It’s tough, especially for young kids. I was really bad with losses until I was around 21. It’s a tough lesson, but it’s a good lesson to learn at a young age. It’s just sports, it’s not life. I know it sounds simple, and it’s tough for young folks. I remember the 1976 playoff loss to the Raiders, I was 14 and so upset. Had first become a Pat’s fan a year earlier in 1975. But really was invested in that 1976 team.
I was a month away from turning 14 so you're just a bit older than me.
I was always a fan, but I really went ga-ga when Fairbanks put together a tremendously talented team in '74, which started 5-0 and was two excruciating losses to Lou Saban's Bills two weeks apart (sandwiching the Bob Windsor win at Minnesota) away from being 8-0. Mack Herron, Jim Plunkett along with several all time Patriots.

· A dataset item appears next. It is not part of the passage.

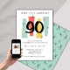 Step back in time with this 90th surprise birthday invitation, channeling midcentury modern vibes. The aqua, coral, and yellow backdrop sets the stage for a retro celebration. Stand out with a sleek '90' design that is perfect for a sixtieth milestone celebration, suitable for both him and her. Mark the big 9-0 with a nod to the 50s in this atomic era-inspired adult birthday invitation and make it a memorable event!
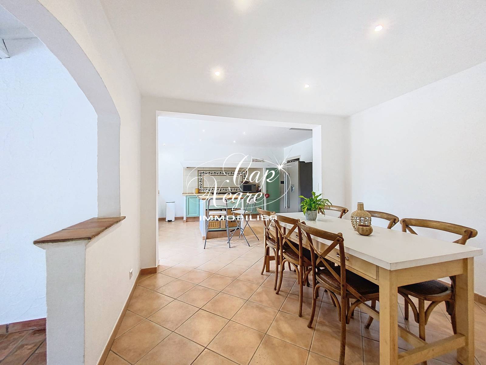La maison se compose de 6 pièces, dont 5 chambres spacieuses incluant une suite parentale. Les pièces sont lumineuses et décorées avec goût, avec des matériaux de bonne qualité. Les espaces de vie sont chaleureux et accueillants, et disposent de beaux espaces avec poutres apparentes ajoutant du charme à la bâtisse. Une climatisation réversible par étage assure un confort optimal en toute saison.

Fairbanks utilized the Plunkett trade to SF - one of the all time heists in sports history - along with his continued shrewd signing and drafting to add several more super Pats and, without any devastating injuries, put it together in '76. Behind Hannah and the rest, we just dominated the line of scrimmage. Rookie Haynes was the straw that stirred the drink on defense (plus punt returns). Three years after implementing the 3-4 we had it down and teams just couldn't deal with it.
The Raiders' first TD, off a silly Russ Francis interception, was a desperate heave from Stabler that Biletnikoff hauled in miraculously in the first half.

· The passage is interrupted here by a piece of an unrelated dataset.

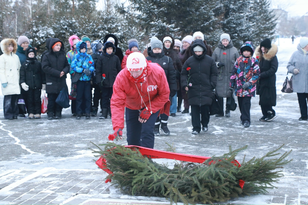 У памятника собралось около пятидесяти человек. Пришло и два класса соседней школы № 97, именно там, когда морозы были особо сильными, собирались ветераны, живущие в микрорайоне, и школьники.
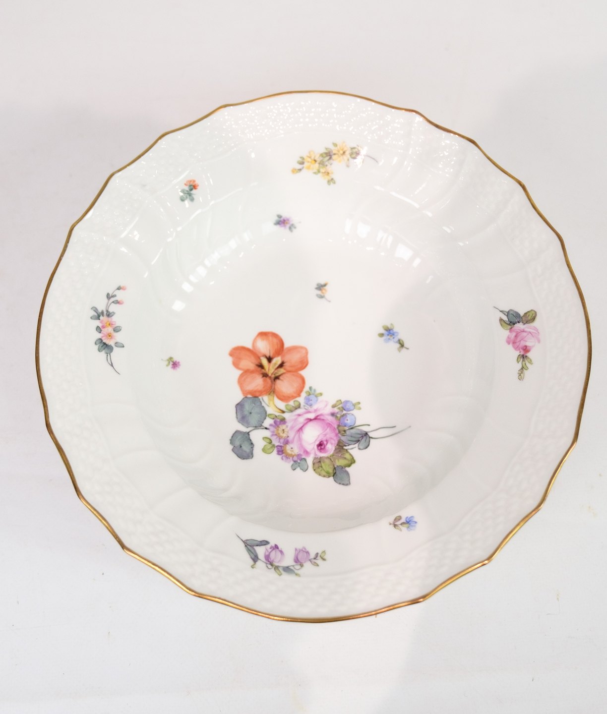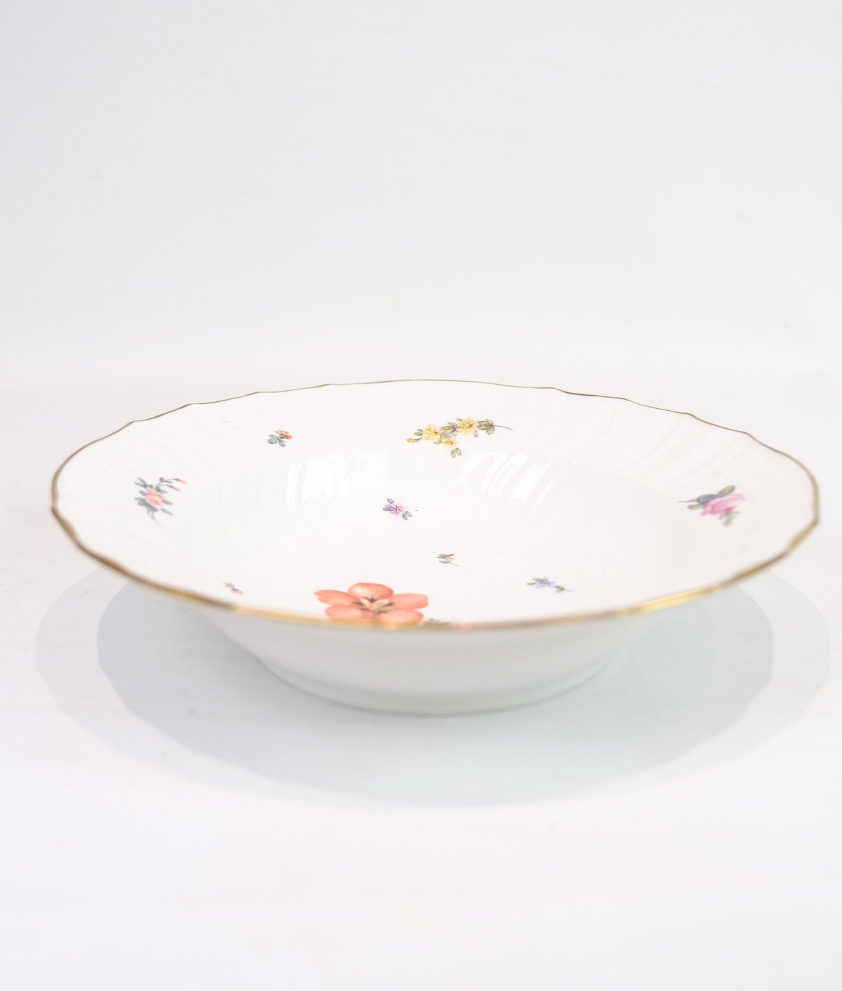 Dybe/Pasta Tallerkener af Kongelig porcelæn med mønstret Saksisk blomst dekoreret i kanten med guld. Fremstillet af Royal Copenhagen i ca. 1923, hvor alle deres varer er blevet håndmalet og efterfølgende blevet meget sjældne. Tallerkenerne står uden mangler eller defekter.

You know the rest. But, even then, without internet, cell phones, cable TV etc., the media dismissal, denigration and abuse of the Patriots was sickening. Every other franchise has been trumpeted to the stars just for making the playoffs before and since, but for us it was:
"...and oh by the way the surprising New England Patriots are in the playoffs this year...Moving on to every other team in the league...blah blah blah..."
The robbery of the championship that day merits astronomically more than all the generations of moaning and crying about the immaculate reception, in or out of bounds, the F*ck Rule and one unintentionally blown call for the Saints last year in the midst of other calls in their favor and countless opportunities for them to win that game anyway.

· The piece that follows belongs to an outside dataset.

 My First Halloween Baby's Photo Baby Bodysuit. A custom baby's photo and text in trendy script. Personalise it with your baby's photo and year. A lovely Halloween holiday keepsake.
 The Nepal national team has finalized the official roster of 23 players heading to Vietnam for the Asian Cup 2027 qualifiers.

Bob Costas tried to point this fact out, at least to the point that Patriots fans have (and will) never accept or forget what happened, in the pregame of the '85 AFCCG, but as always, nobody cared or listened.
Naturally the six titles help, but unwarranted denigration of the team has only increased.
All the ensuing clownery by Sullivan plus the Tatum hit just poured salt into that one, gaping wound from 1976. Officially declaring that our six titles are more legitimate than any other franchise's in history, along with winning another Super Bowl donning our real logo and uniforms, would only begin to set the historical record straight.